Simple légende ou fait réel ? La dépression hivernale fait chaque année parler d’elle.

D’où vient-elle ? Qui touche-t-elle ? Quelles en sont les conséquences ?

D’où provient la dépression hivernale ?

Non la dépression hivernale n’est pas qu’une simple légende, elle touche malheureusement chaque année de nombreuses personnes, faisant sur son passage de réels dégâts.

Une dépression saisonnière se déclenche lorsque les repères qui conditionnent notre horloge interne sont modifiés.

Ainsi, l’allongement ou le rétrécissement des journées, le changement de température mais aussi de nourriture bouleversent nos hormones qui doivent dès lors travailler plus qu’à l’accoutumée pour synchroniser le fonctionnement de nos organes.

Leurs actions peuvent ainsi déclencher de l’hyperphagie (envie irrépressible de nourriture, laquelle est avalée dans des quantités record en un temps restreint) avec une attirance pour le sucré, de l’hypersomnie (sommeil profond ou excessif) ainsi qu’une prise de poids.

Par conséquence, les personnes souffrant de dépression saisonnière voient leur rythme décalé par rapport à celui de leur entourage, puisqu’elles sont physiologiquement incapables de s’adapter aux cadences dites normales.

Elles souffrent ainsi fortement d’isolement et se sentent très seules, d’où l’utilisation du terme ‘dépression’ pour qualifier cet état.

Les conséquences d’une dépression hivernale

La dépression hivernale est due au dérèglement de notre horloge biologique.

Lorsque celle-ci se brouille, par manque de sommeil, un trop plein de stress, un choc psychologique, un décalage horaire… elle peut entraîner des « épisodes dépressifs saisonniers ».

Cela se traduit généralement par une perte quasi totale du sommeil, des nuits agitées, des somnolences en journée, des troubles de l’appétit (la faim ne se déclenche plus aux heures habituelles)…

Les solutions pour déjouer une dépression hivernale ?

Pour pallier à une dépression hivernale, plusieurs solutions existent, parmi elles, on retrouve les tristement célèbres antidépresseurs mais aussi et surtout la luminothérapie.

Comme son nom l’indique elle consiste à s’exposer chaque jour à de la lumière. Si le principe parait simple, dans la réalité la mise en place de cette technique demande un certain investissement tant personnel que budgétaire.

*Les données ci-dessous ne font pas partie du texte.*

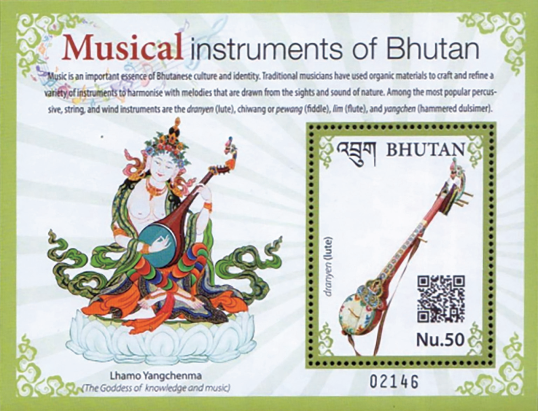 笔者收藏了一套不丹2017年发行的乐器邮票,含一枚小全张和一枚小型张。
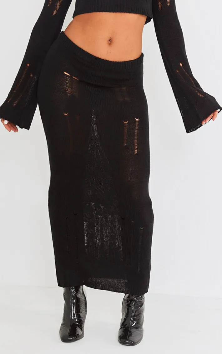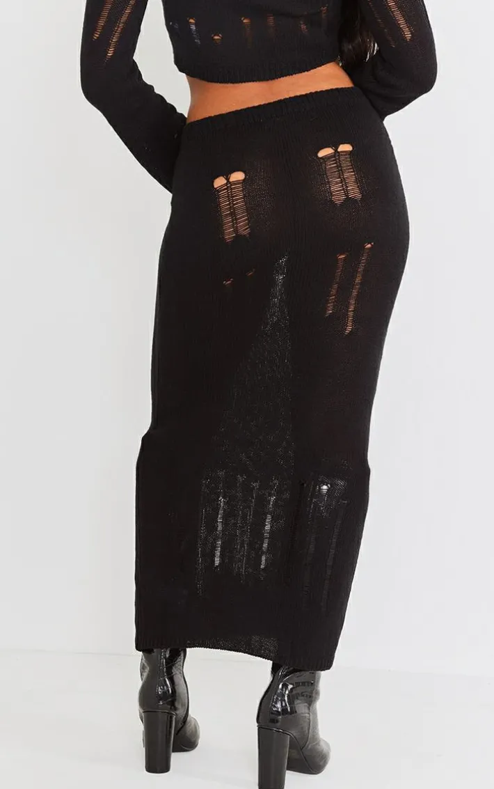 Add a little attitude to your outfit of the day with this black distressed ladder knit maxi skirt, you won’t be able to resist this statement piece. It is made using a black ladder knit material with a distressed design and a maxi length, we’re in love. Team this maxi skirt with the matching top, heeled boots and a shoulder bag for a fool proof finish.

En effet, il est recommandé de s’exposer chaque matin pendant une demi-heure, à une source lumineuse de 10 000 lux produite par une lampe spécifique dite de « dispositif de luminothérapie ».

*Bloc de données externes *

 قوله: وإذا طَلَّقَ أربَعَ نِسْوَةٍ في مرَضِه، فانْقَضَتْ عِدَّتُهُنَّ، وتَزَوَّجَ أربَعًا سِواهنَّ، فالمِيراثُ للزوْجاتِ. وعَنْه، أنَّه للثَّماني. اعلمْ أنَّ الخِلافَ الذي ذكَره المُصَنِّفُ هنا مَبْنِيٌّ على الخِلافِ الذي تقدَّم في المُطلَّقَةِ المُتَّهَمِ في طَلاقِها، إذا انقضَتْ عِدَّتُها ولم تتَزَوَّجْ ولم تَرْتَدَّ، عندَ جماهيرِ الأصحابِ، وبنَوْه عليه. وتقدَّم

La lumière émise par cette source permet de stopper la possible production de mélatonine (molécule du sommeil) le jour, afin d’éviter des sauts d’humeur et des somnolences.

Les changements biologiques se font réellement sentir au bout de 4 semaines de traitement, bien que dès la première semaine les premières améliorations sont constatables.

La pratique de la luminothérapie s’étend généralement d’octobre à mars, autrement dit de l’arrivée de l’automne à celle du printemps.